Exercise requirements: Word for word, restate the lines from the top of the records below through the line with "生木の時期は切れ目を入れ、ハツると簡単に割れる", both included, with no pictures in the result.

*** Raw data ***

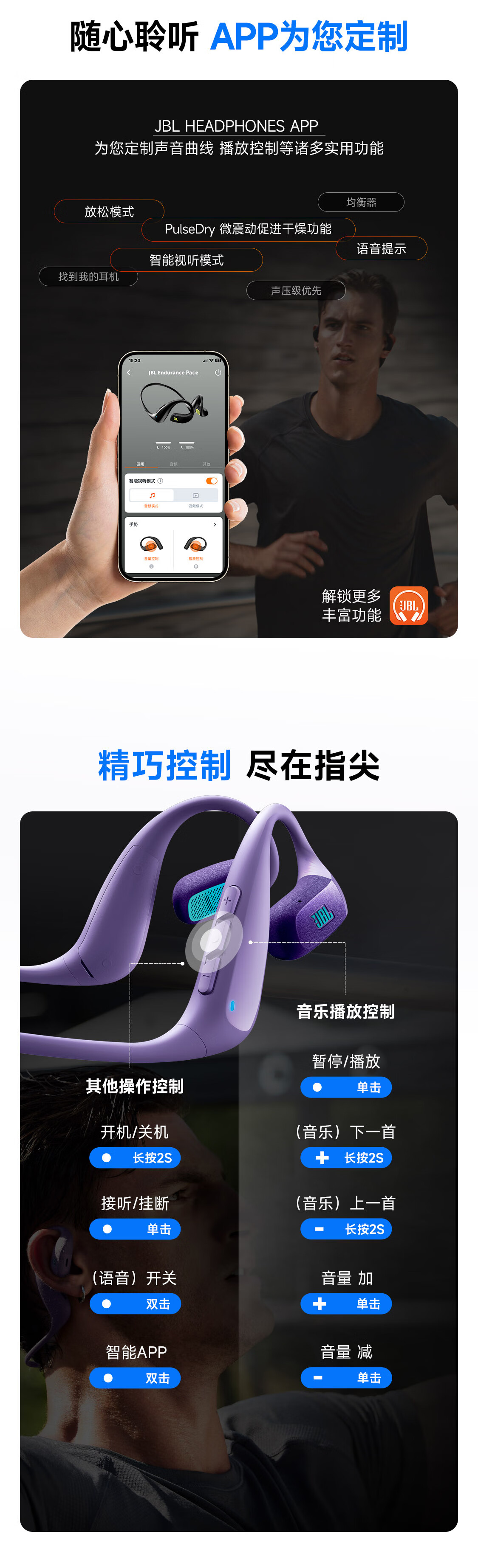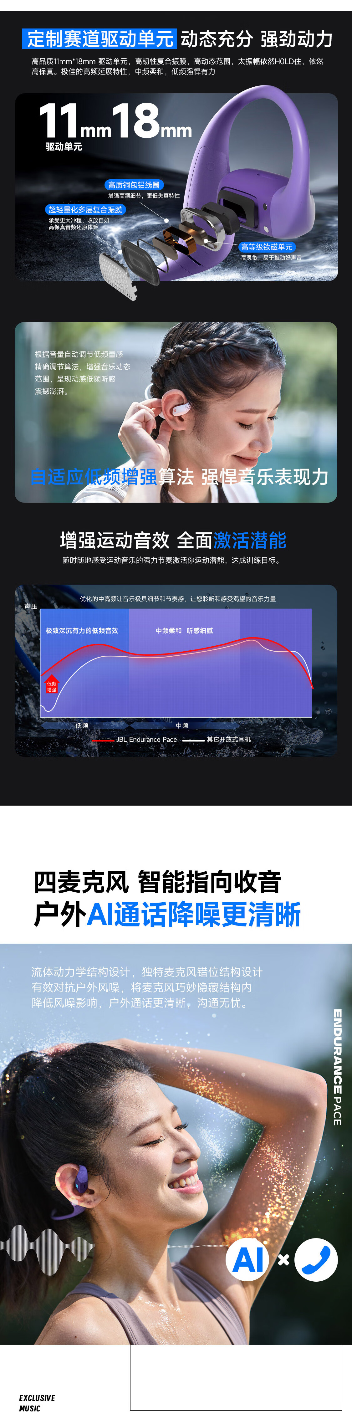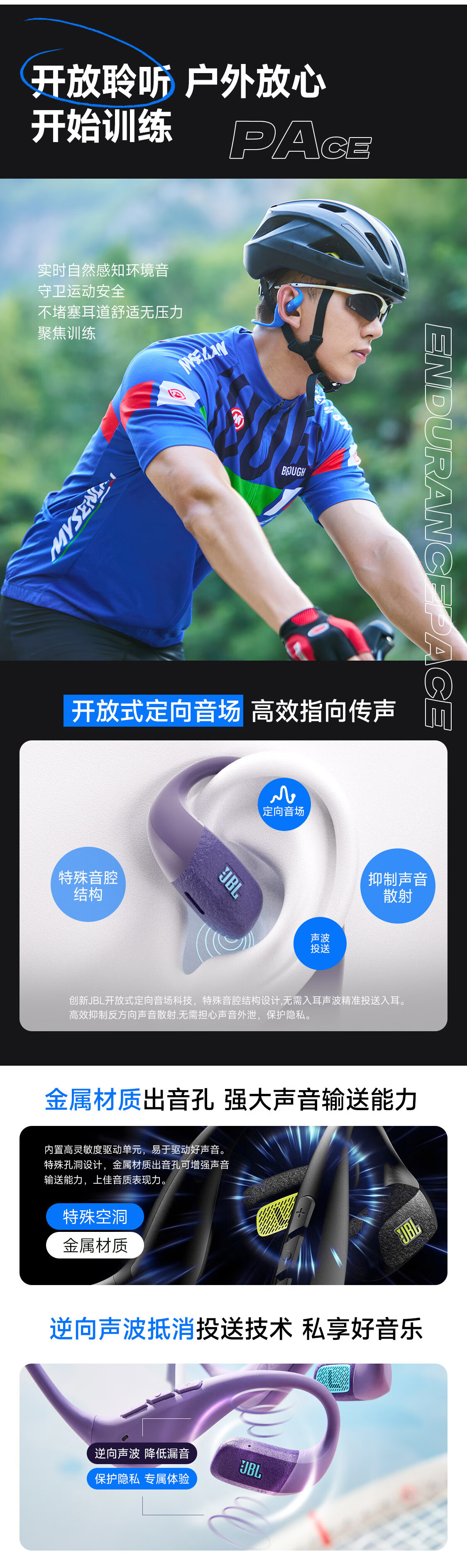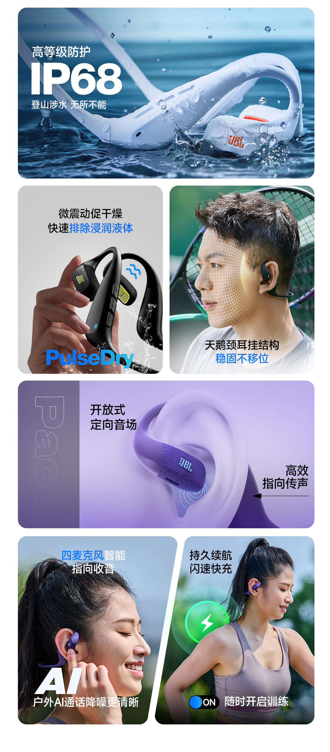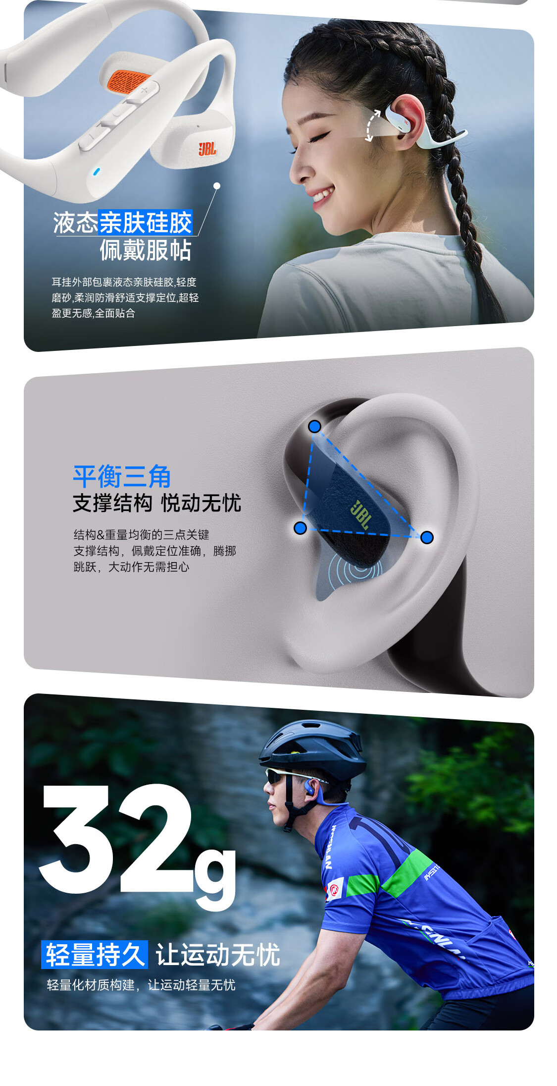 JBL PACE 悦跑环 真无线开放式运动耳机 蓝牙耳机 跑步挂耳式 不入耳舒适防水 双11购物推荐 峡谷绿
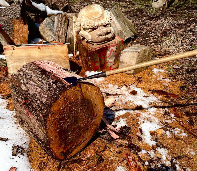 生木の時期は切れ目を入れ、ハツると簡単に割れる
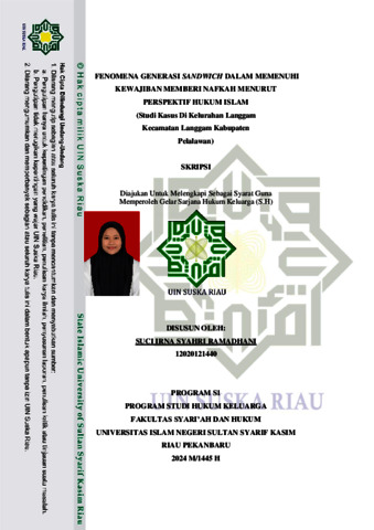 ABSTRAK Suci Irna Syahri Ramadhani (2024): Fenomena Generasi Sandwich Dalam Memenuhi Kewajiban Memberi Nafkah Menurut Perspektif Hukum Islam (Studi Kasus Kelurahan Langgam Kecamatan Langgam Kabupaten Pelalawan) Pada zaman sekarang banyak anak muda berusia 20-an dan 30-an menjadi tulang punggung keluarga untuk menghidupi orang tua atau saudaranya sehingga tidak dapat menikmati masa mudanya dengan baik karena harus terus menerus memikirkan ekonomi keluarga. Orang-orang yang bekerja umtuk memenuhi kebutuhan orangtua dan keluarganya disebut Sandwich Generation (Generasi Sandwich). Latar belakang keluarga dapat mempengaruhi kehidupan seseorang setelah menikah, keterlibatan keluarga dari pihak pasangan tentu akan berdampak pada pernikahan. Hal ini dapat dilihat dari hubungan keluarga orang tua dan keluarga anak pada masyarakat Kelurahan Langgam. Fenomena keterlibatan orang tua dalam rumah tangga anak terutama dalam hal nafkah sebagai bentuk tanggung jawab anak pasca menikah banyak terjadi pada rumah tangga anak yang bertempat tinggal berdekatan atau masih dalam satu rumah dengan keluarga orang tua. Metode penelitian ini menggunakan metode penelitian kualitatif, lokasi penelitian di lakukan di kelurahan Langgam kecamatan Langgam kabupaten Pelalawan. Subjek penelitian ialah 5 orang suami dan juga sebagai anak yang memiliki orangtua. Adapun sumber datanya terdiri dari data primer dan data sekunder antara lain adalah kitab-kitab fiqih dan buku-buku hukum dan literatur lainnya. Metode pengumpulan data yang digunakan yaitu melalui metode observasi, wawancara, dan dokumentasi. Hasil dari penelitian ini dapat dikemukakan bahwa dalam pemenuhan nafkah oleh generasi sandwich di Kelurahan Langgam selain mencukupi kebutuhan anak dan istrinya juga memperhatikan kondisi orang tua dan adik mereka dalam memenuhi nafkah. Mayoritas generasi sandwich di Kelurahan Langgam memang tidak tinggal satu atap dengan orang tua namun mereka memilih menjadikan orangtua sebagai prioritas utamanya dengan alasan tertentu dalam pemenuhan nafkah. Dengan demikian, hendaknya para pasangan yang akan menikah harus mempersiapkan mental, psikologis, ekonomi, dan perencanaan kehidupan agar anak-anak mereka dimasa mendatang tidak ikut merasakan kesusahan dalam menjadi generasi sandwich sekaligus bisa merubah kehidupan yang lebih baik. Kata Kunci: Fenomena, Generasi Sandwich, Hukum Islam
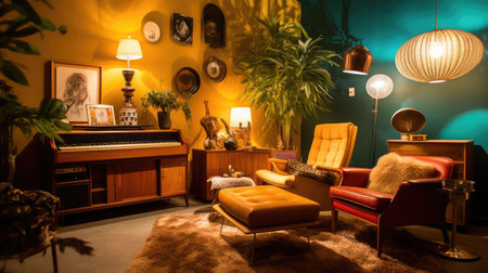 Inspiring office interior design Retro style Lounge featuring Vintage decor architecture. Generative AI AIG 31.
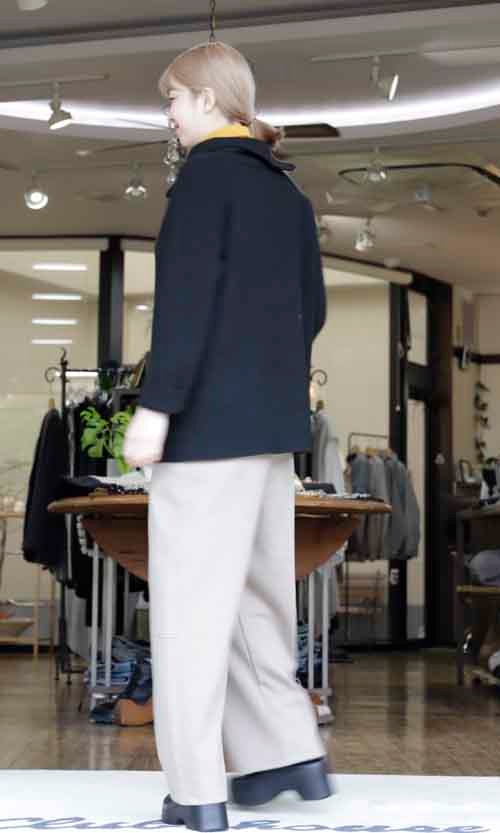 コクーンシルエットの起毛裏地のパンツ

*** End of Raw data ***

Result of this task:
 JBL PACE 悦跑环 真无线开放式运动耳机 蓝牙耳机 跑步挂耳式 不入耳舒适防水 双11购物推荐 峡谷绿
 生木の時期は切れ目を入れ、ハツると簡単に割れる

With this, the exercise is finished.